6. The method for regional navigation and positioning based on sequential information according to claim 1, wherein: In step 5, the specific steps of using the Gauss-Newton method to solve the global objective function are: Step 51: For the nonlinear least squares form function, perform first-order Taylor expansion approximation on the error term to convert it into a linear least squares form function; Step 52: The regression coefficient is optimized and adjusted multiple times in the process of continuous iteration, so that the gap between it and the optimal regression coefficient becomes smaller and smaller. Finally, the minimum residual sum of squares is obtained through this algorithm, and the global objective function is solved to obtain the estimated state of the maneuvering target in the current time slot.
7. A regional navigation and positioning system for sequential information, characterized in that: include: State node factor unit: configured to set a variable node containing state coordinates to be estimated according to the motion scenario of the maneuvering target; State transfer factor unit: configured to use velocity information to construct a state transfer model and constrain the state relationship at adjacent moments; Observation information factor unit: configured to fuse prior information with sequential ranging data to construct an observation model; Global objective function unit: configured to combine the three types of nodes to generate a global objective function in the form of nonlinear least squares; Factor graph solving unit: configured to use Gauss-Newton method to solve the target function and output the positioning result; Among them, the state transfer factor unit executes the state transfer factor node construction logic, and the observation information factor unit executes the observation information factor node construction logic.

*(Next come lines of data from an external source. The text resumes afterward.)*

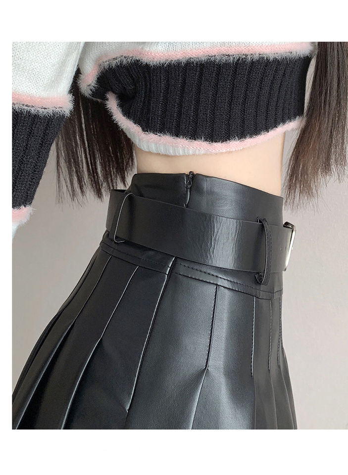 กระโปรงรัดรูปหนัง PU สำหรับผู้หญิง, กระโปรงทรงดินสอเอวสูงกระโปรงเทนนิสมินิอัดจีบสตรีทแวร์ถักแบบธรรมดา XS ธรรมชาติ
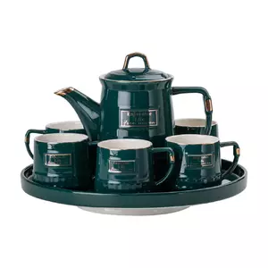 Чайний сервіз "Enjoynbie Life" на 6 персон складається з 8 предметів і виконаний у стильному зеленому кольорі. У набір входять 6 чашок об'ємом 300 мл, один чайник місткістю 1.5 літри й таця, що забезпечує зручність у сервіруванні. Всі елементи виготовлені з якісного порцеляни, що гарантує довговічність і приємний естетичний вигляд.
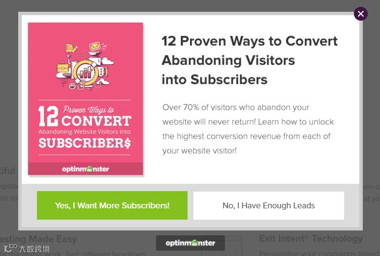选择性订阅表格表示订阅表格提供订阅用户多一个选择,理念上与退出意图弹出订阅表格相似,尊重访客意愿,目标相同:访客退出网页之前三思而行。对于大部分的订阅表格,访客不愿意订阅留下资料,想要关闭掉,点击表格的「X」图标即可关闭。但是你是否想过?订阅表格中使用清晰的关键元素「是」和「否」按钮,会更加吸引访客,甚至停留下来阅读窗口的详细内容呢?
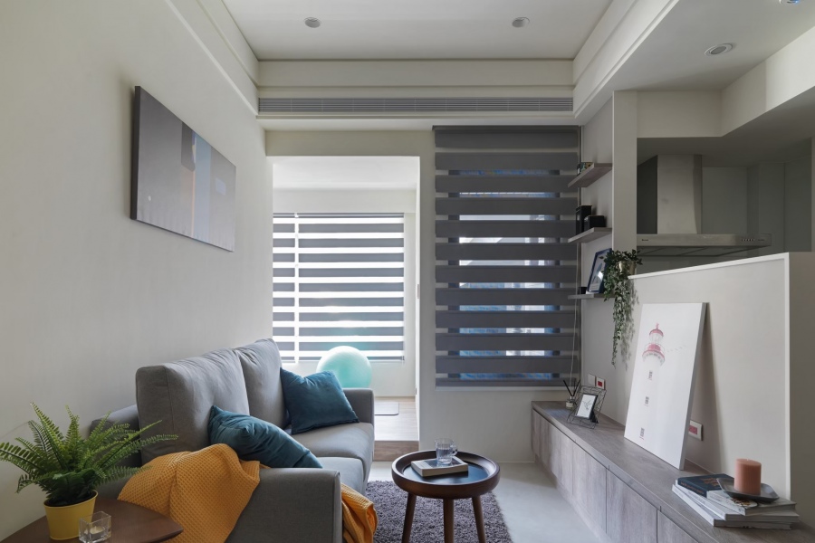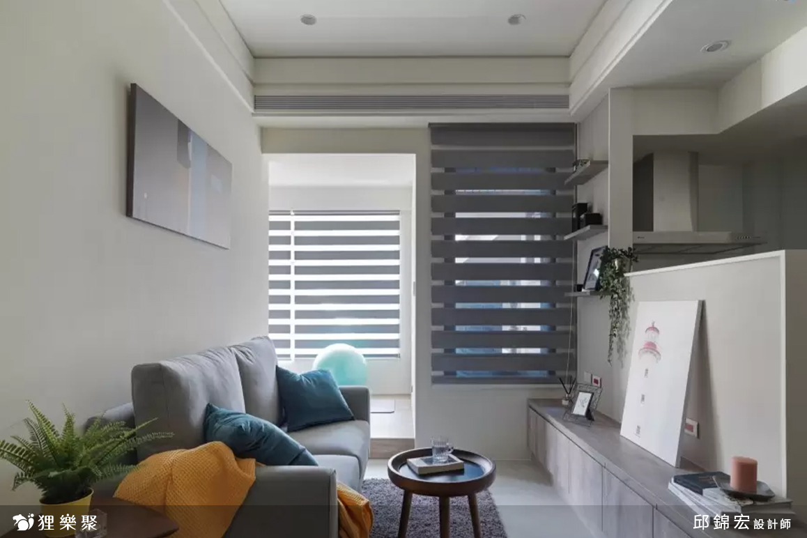 電視牆設計為半牆的形式,背後即是廚房區域,讓公共區域顯得不那麼狹窄,其中要注意的是半開放式的廚房所造成的油煙問題,務必要仔細考量平時的生活習慣,才能做出最適合屋主的選擇。低矮的電視牆設計也讓整體視覺重點下沉,更顯現出小空間的溫馨感。
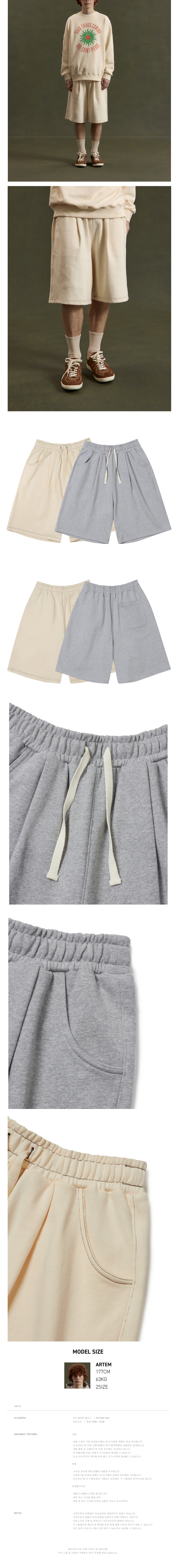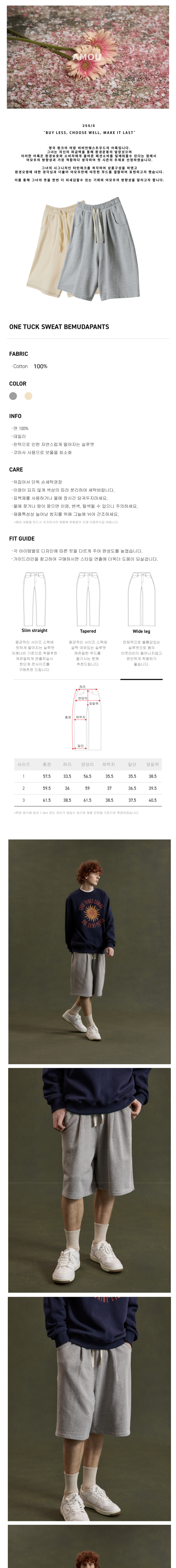 아모우 원턱 스웻 버뮤다 팬츠 크림베이지
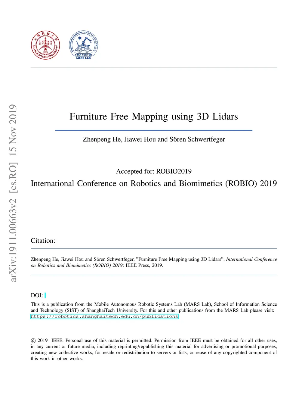 Mobile robots depend on maps for localization, planning, and other applications. In indoor scenarios, there is often lots of clutter present, such as chairs, tables, other furniture, or plants. While mapping this clutter is important for certain applications, for example navigation, maps that represent just the immobile parts of the environment, i.e. walls, are needed for other applications, like room segmentation or long-term localization. In literature, approaches can be found that use a complete point cloud to remove the furniture in the room and generate a furniture free map. In contrast, we propose a Simultaneous Localization And Mapping (SLAM)-based mobile laser scanning solution. The robot uses an orthogonal pair of Lidars. The horizontal scanner aims to estimate the robot position, whereas the vertical scanner generates the furniture free map. There are three steps in our method: point cloud rearrangement, wall plane detection and semantic labeling. In the experiment, we evaluate the efficiency of removing furniture in a typical indoor environment. We get precision in keeping the wall in the 3D result, which shows that our algorithm can remove most of the furniture in the environment. Furthermore, we introduce the application of 2D furniture free mapping for room segmentation.
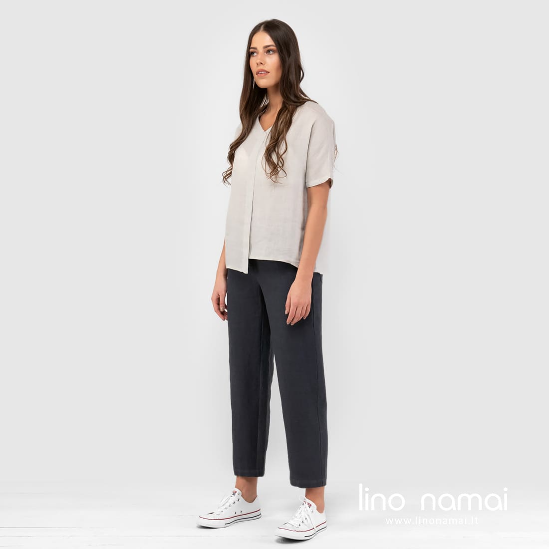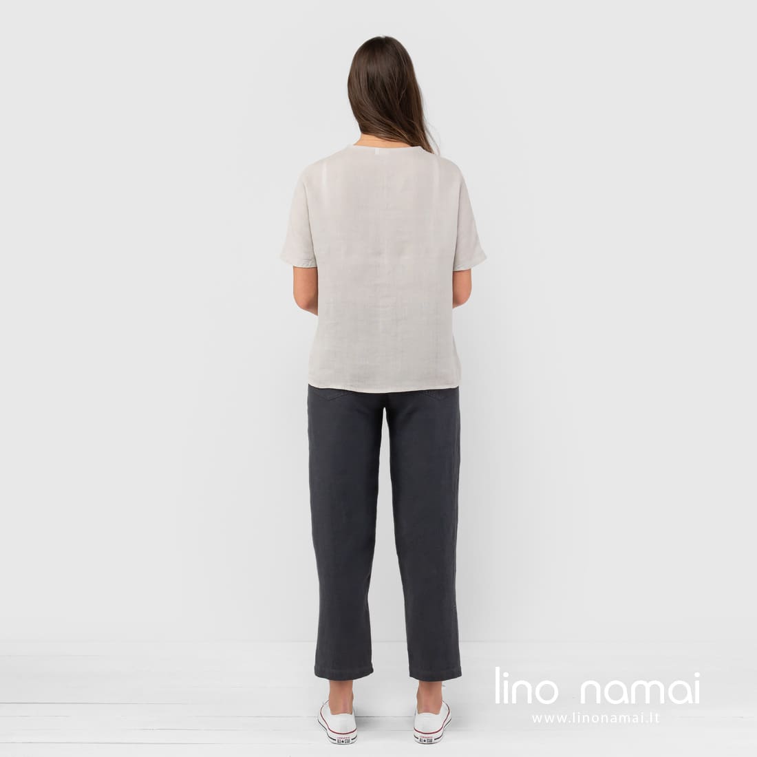 VIETNAM šviesiai pilka palaidinė. Jos 100% lino audinys melanžinis: jame suaudėme šviesius rusvai pilkus ir melsvai pilkus verpalus. Lengvo šviesios spalvos lino drabužis išsiskiria savo asimetriškomis linijomis. Šis siluetas drąsioms, išskirtinį stilių mėgstančioms moterims ir merginoms!
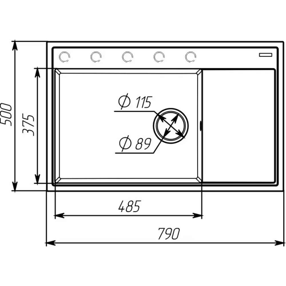 Эта мойка имеет размеры, делающие ее идеальным выбором для разных кухонь. С размерами 790х500х200мм она легко впишется даже в небольшие пространства, обеспечивая высокий уровень удобства и функциональности. Размер чаши 490x380x200мм.
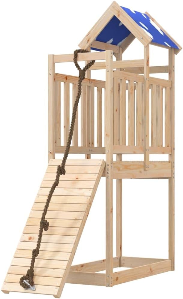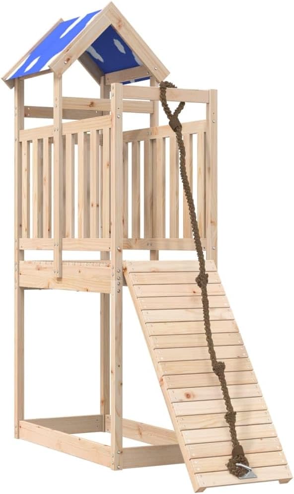 Volete dare ai vostri figli la libertà di giocare a casa? Questo set da gioco per esterni in legno trasforma il vostro cortile in un parco giochi per avventure fantasiose! Materiale resistente: Questo parco giochi è realizzato in legno massello di pino. Il legno massello di pino è noto per la sua resistenza e durata. Le sue venature dritte e i suoi nodi caratteristici contribuiscono al suo fascino rustico. Telaio robusto in legno: La struttura in legno della casetta da giardino garantisce robustezza e stabilità. Centri multiattività: Il parco giochi è dotato di una piattaforma alta 90 cm e si distingue per la parete da arrampicata e la sabbiera.
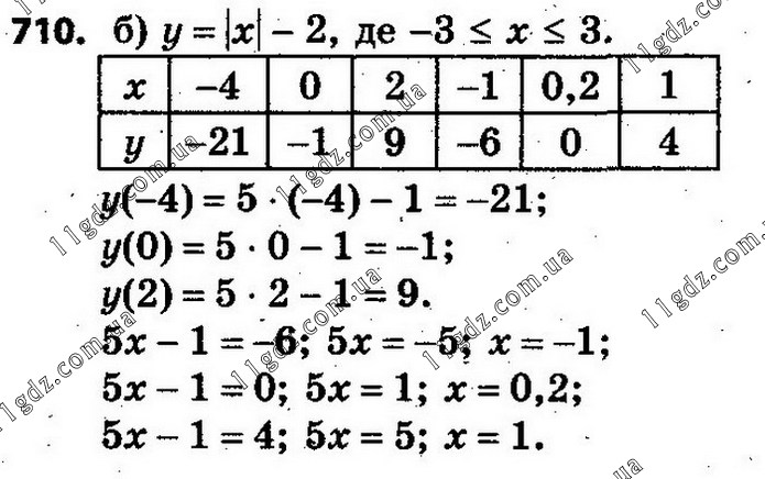 710. Лінійна функція задана формулою у = 5х – 1. Знайдіть значення у, яке відповідає х = –4; х = 0; х = 2. Для яких значень х значення функції до-рівнює –6; 0; 4?

8. An electronic device, characterized in that: include: Processor (61); a memory (62) storing a computer program; a transmission device (63) for communicating with an external base station; When the processor executes the computer program, the positioning method according to any one of claims 1 to 6 is implemented.
9. The electronic device according to claim 8, wherein: The transmission device (63) is configured to establish a communication link with N ground stations via ground-based radio in a satellite-denied environment.
10. A computer-readable storage medium having computer instructions stored thereon, characterized in that: When the instructions are executed by a processor, the steps of the method according to any one of claims 1 to 6 are implemented.